*** Opening Given data ***

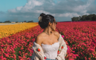 This hairstyle exudes a rich tropical feel and folk elegance. The upper part features an intricate braided design, with multiple braids intertwining at the back of the head to form a wide, horizontal braided band. This structure not only secures the hairstyle like a crown but also provides a perfect base for the lush floral decorations above, enhancing the three-dimensionality of the back of the head. This is the most eye-catching part of the entire look. At the junction of the braids, a cluster of extremely vibrant, colorful flowers is arranged horizontally, including small flowers in orange, pink, blue, and white, like a miniature floral carpet spread across the hair. This vibrant color contrast perfectly echoes the model’s brightly colored floral dress. Compared to the previous styles, this one takes the use of natural plant elements to the extreme, making it more than just a hairstyle; it’s a flowing work of art.
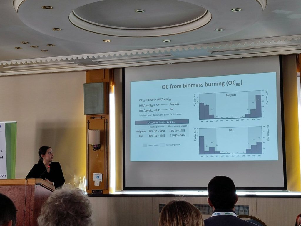 In October 2025, our team member, PhD student Bojana Petrović, participated at the Third Conference of the International Association for Biomonitoring of Environmental Pollution (IABEP 2025) in Belgrade, Serbia. Participation in this event provided opportunity to obtain experience and exchange knowledge about novel biomonitoring techniques and methodologies, emerging pollutants and advances in bioindicators and biomarkers for pollution monitoring. The presentation “Distinguishing between anthropogenic and natural sources of carbonaceous aerosol in Belgrade” showed results from WeBaSOOP project, including offline source apportionment of carbonaceous aerosols. Using specific organic tracers, both anthropogenic (biomass burning by detection of levoglucosan, mannosan and galactosan) and natural sources (primary biological aerosol particles by quantifying sugars and polyols and secondary biogenic aerosol from isoprene by detection of 2-methyltetrols) were identified.
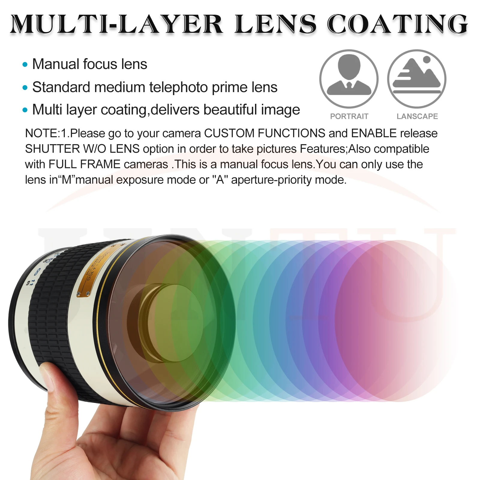 Характеристики:* Тип линз: зеркальные линзы* Тип фокусировки: ручная фокусировка* Профессиональный Высококачественный объектив* Конструкция:7 элементов в 6 группах* Угол обзора: 5 °* Диапазон f/Stop: f/6,3 (фиксированный)* Минимальная фокусировкаРасстояние: 6,1 фута* Размер фильтра: 34 мм (сзади) спереди 95 мм* Диаметр x Длина, вес: ø 77x87,5 мм, 330 г* Модель: JT-500F6.3W* Цвет: белый* Бренд: Jintu
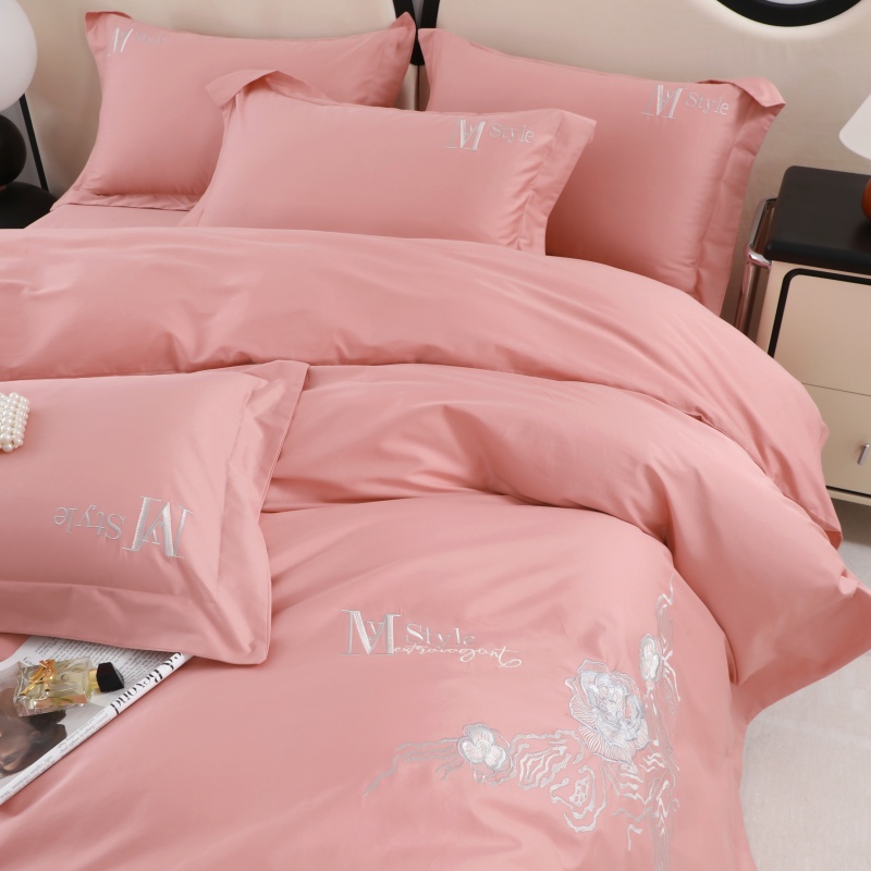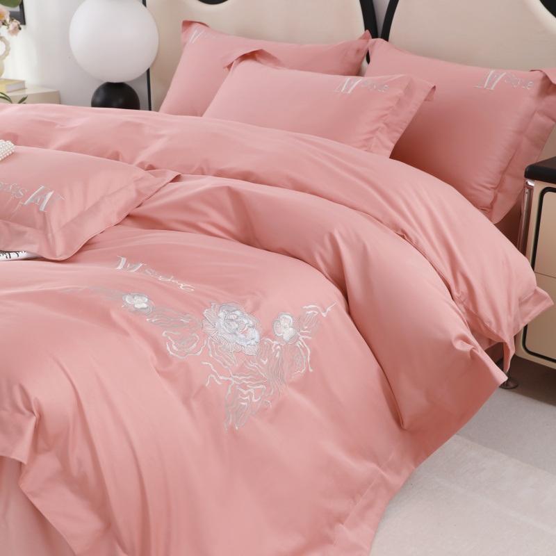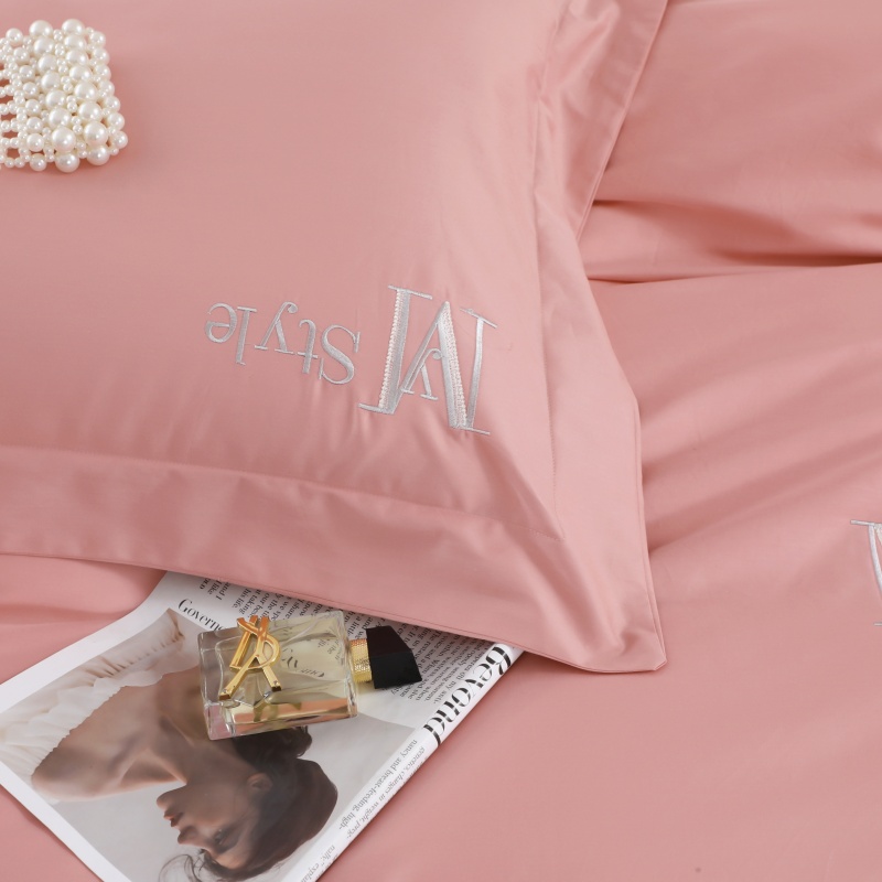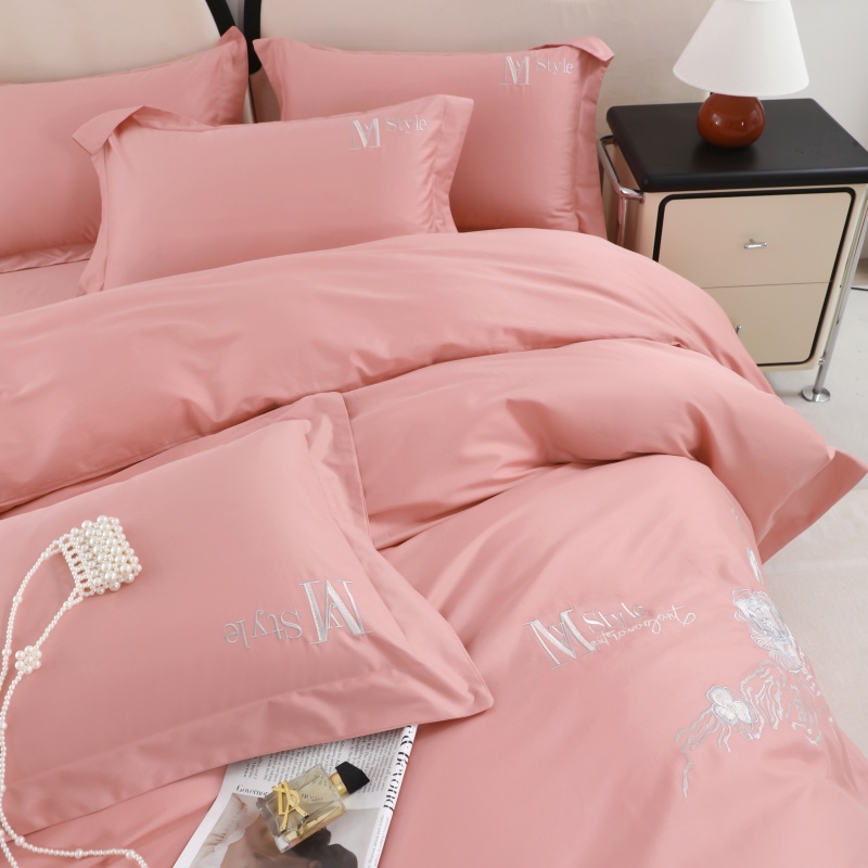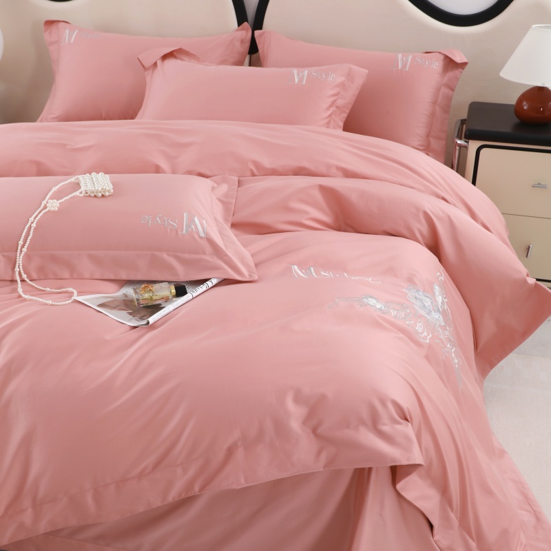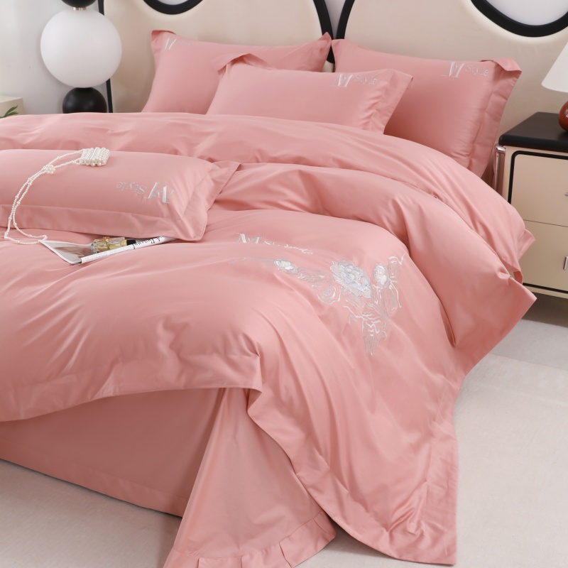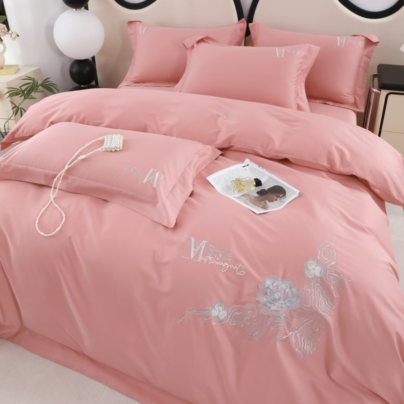 优姿家纺2025新品高端加密全棉100支绣花宽边四件套 淡雅生活-粉色

*** Closing Given data ***

Task: All lines from the one holding "Характеристики:* Тип линз: зеркальные" through the last line of the material above should be set down exactly, and the pictures should be left out.

Answer:
 Характеристики:* Тип линз: зеркальные линзы* Тип фокусировки: ручная фокусировка* Профессиональный Высококачественный объектив* Конструкция:7 элементов в 6 группах* Угол обзора: 5 °* Диапазон f/Stop: f/6,3 (фиксированный)* Минимальная фокусировкаРасстояние: 6,1 фута* Размер фильтра: 34 мм (сзади) спереди 95 мм* Диаметр x Длина, вес: ø 77x87,5 мм, 330 г* Модель: JT-500F6.3W* Цвет: белый* Бренд: Jintu
 优姿家纺2025新品高端加密全棉100支绣花宽边四件套 淡雅生活-粉色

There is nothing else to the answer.